Six men came to write with me one time. And the best of 'em carried this*.
It's a MacAir full-bore auto-lock. Double USB. Customizable Apps. 4GB Memory and 128 flash storage. A magnetic seal power cord. Weighs less than three pounds, and is renowned for how fast it comes on from sleep mode. It is my very favorite laptop.
This is the best laptop made by man. It has *extreme* sentimental value. It's miles more worthy than what you got.
I call it Vera.
*Pencil shown so you can see how mind-bendingly sleek it really is.
The damage from the data corruption through MS programs is bad. Most anything I didn't save some version of in the last year or so is corrupted beyond my ability to open it with any word processing program.
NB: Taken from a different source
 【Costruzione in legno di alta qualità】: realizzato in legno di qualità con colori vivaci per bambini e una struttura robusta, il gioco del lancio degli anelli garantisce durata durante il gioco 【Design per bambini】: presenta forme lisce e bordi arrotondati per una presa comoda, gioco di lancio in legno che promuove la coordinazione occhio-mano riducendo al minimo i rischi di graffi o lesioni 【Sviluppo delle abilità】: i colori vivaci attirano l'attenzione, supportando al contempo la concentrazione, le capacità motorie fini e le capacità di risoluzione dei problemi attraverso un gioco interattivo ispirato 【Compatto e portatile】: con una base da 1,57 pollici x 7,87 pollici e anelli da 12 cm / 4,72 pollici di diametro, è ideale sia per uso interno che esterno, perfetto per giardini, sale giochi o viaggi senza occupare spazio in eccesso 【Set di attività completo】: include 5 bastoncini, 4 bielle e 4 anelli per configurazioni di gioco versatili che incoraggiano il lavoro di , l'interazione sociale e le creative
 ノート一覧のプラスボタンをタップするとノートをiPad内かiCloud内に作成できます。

I can AT LEAST read it on my iPad with some viewer programs in between a bunch of goobldy gook characters. I can't really edit, but reading it is something, at least, and much MUCH better than the error message I get from Microsoft based programs. That's what made me kill all the sand people in the entire village and then go back for some youngling stew.
Eh, only one short story wouldn't have need a complete revision anyway, so this will just force me to do what I needed to as part of the process.
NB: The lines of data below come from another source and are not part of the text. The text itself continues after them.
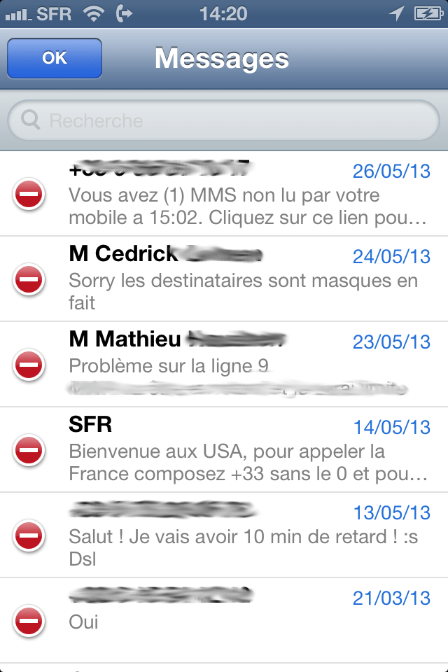 Sur iPhone, lorsque l’on souhaite supprimer des éléments dans une liste, il y a généralement un bouton “Modifier” dans la barre d’action qui mène à sur un écran de ce type :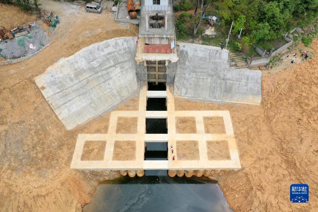4月11日,工作人員在阿哈水庫新建的放空洞設施上巡查(無(wú)人機照片)。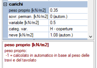 Per utilizzare in automatico i carichi così calcolati basta assegnare il valore -1 al carico permanente e/o peso proprio del solaio.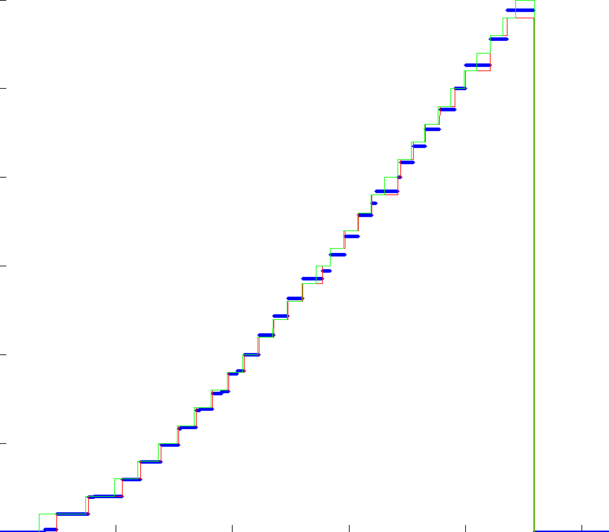 Der rote Graph mein Ergebnis momentan und die blauen Datenpunkte meine errechneten Frequenzen, also die Grundlage für den roten Plot.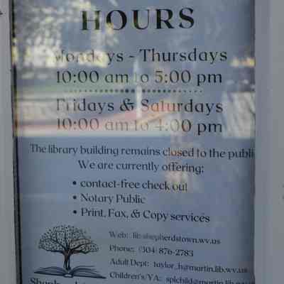 IMG3809006: Sign gives information about the Shepherdstown Public Library's current hours, policies, and procedures during COVID-19 pandemic.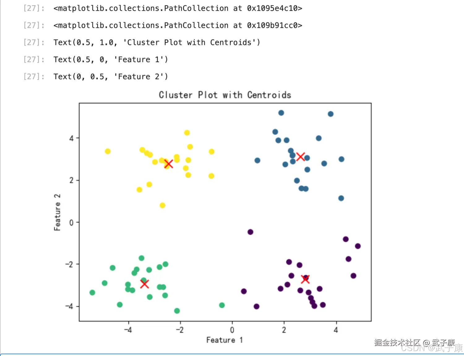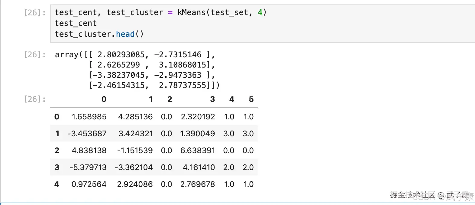 # 执行示例数据集上的 KMeans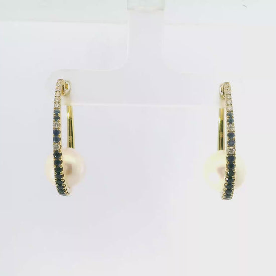 Elevate your elegance with these 0.16CT diamond and blue sapphire earrings, set in lustrous 14k white gold. Each earring features a delicate pearl that complements the vibrant blue sapphire and sparkling diamonds, creating a refined balance of color and brilliance. Perfect for sophisticated occasions, these earrings offer timeless beauty and expert craftsmanship.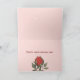 Niedliche Waldtiere mit farbenfroher Blumendekoration auf dem Kopf und ein Foto des Prominenten auf einem Kranz von Blätter. Der Hintergrund ist rosa mit Punkten. Im Inneren gibt es einen Geburtstagswunsch und eine Rose mit Blätter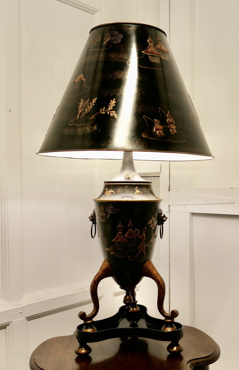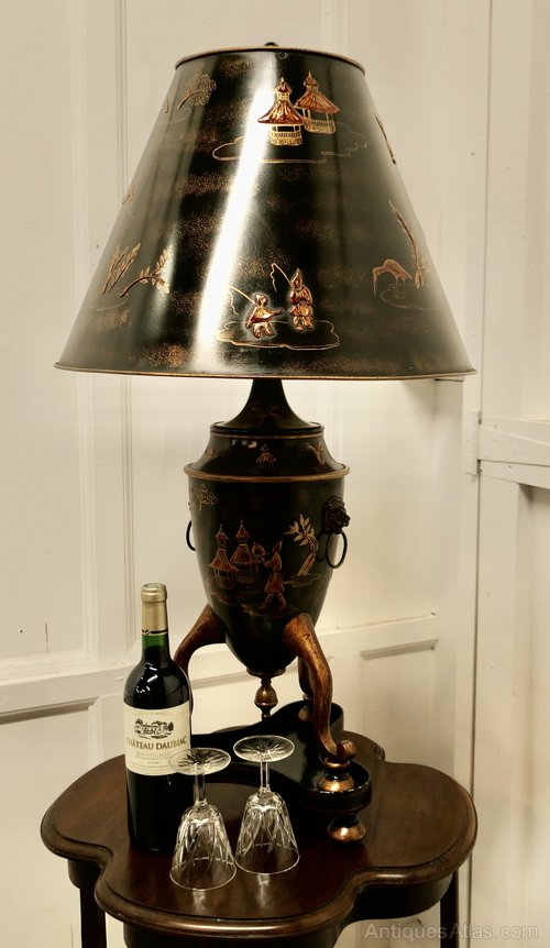 A Very Large Black, Gold and Red Chinoiserie Toleware Table Lamp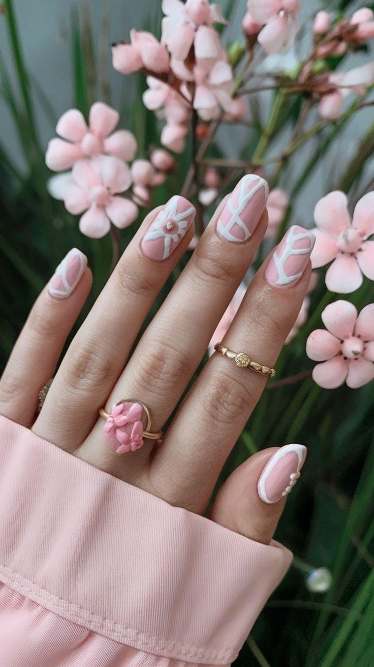 Soft blush pink nails are decorated with white abstract lines and delicate floral accents. The style feels romantic and airy, inspired by spring flowers and gentle details.
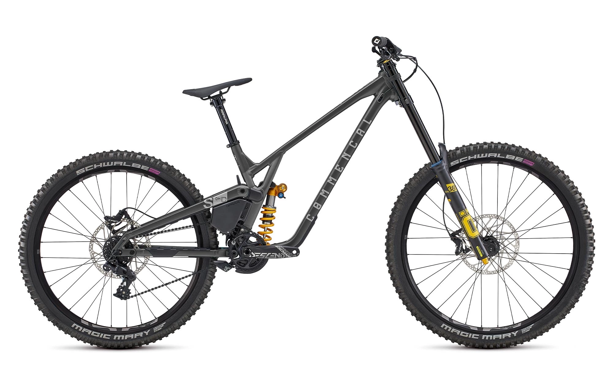 – Une fourche DH38 Air, ce qui se fait mieux pour une utilisation engagée en compétition grâce à sa grande précision dans le défoncé ainsi que des réglages hydrauliques efficients qui raviront ceux qui ont le souci du détail.

My main concern now is that this never happens again. Or I really will cry. Lots of writers swear by Macs and I can't help but notice that while Microsoft programs were making 15 years worth of writing (including every college paper and most of my pre-degree manuscripts that I wanted to come back to) completely unintelligible, it was Mac stuff that actually came through for me--even in what limited form it could. It was the Mac stuff that did what it was supposed to.
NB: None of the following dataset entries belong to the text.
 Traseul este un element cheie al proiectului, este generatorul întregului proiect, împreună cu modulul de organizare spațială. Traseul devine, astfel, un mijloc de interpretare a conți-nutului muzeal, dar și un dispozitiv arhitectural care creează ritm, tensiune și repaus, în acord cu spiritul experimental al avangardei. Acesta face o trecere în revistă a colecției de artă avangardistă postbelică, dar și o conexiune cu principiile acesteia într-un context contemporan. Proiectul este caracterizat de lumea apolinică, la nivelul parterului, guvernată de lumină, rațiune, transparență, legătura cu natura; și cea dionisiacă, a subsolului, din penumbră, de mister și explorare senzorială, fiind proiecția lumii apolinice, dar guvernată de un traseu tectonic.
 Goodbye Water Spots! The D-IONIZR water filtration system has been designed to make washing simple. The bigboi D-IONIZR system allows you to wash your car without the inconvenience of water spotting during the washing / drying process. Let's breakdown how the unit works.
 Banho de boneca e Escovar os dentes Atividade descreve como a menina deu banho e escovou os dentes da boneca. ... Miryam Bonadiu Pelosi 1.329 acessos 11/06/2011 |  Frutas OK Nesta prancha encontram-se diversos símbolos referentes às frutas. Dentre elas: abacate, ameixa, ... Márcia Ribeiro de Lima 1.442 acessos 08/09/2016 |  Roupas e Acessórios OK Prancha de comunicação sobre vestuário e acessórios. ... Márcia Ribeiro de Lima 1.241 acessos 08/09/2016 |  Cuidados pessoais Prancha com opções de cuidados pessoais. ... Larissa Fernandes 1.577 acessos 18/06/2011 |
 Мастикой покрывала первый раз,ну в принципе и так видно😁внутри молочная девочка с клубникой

That's what I need. Shit that works when I turn it on. If it doesn't work, I need a new one. Instead of if it doesn't work...."have you tried Googling coaxial cable trinton frask and then rebooting from a save point six steps back while reinterpreting the main tachion burst into a harmonic resonance with the ion flow?" Cause I'm pretty sure people asked me if I'd done that.
I don't really understand the product feud over computer brand loyalty. You don't see people who like Cheerios claiming that the Corn Flakes guys are all part of a crazy cult or the Corn Flake guys rolling their eyes, putting on their matching robes and going to the local Corn Flakes store to commiserate on how off base the word "cult" is. And you don't see the news wondering if every new turbo charged Nissan Skyline is going to be "A Mustang Killer."
I don't see why computers have to be this issue that requires people to jettison their brains before they discuss. If you are a computer whisperer, and you can make those fucking boxes of circuits and shit do what you want them to do, get yourself a PC of the MS or Linux variety and spend countless hours fixing things every time your different softwares have tantrums about their codexes or whatever and don't get along with each other. If you get hives at any step beyond the ON button, and generally LIKE when your computer pats you on the head and tells you what you want and what don't want, enjoy your Mac.
I clearly fall into the later category. I need my shit to work every time I turn it on and if it doesn't I have to kidnap ship engineers and tell their bridge crew "We look for things. Things to make us write." And when someone fixes something on my box of circuits--usually Uberdude--I nod and say "He is smart."
So as I salvage what writing I can, and start the painful process of rewriting everything else, I do so on Vera.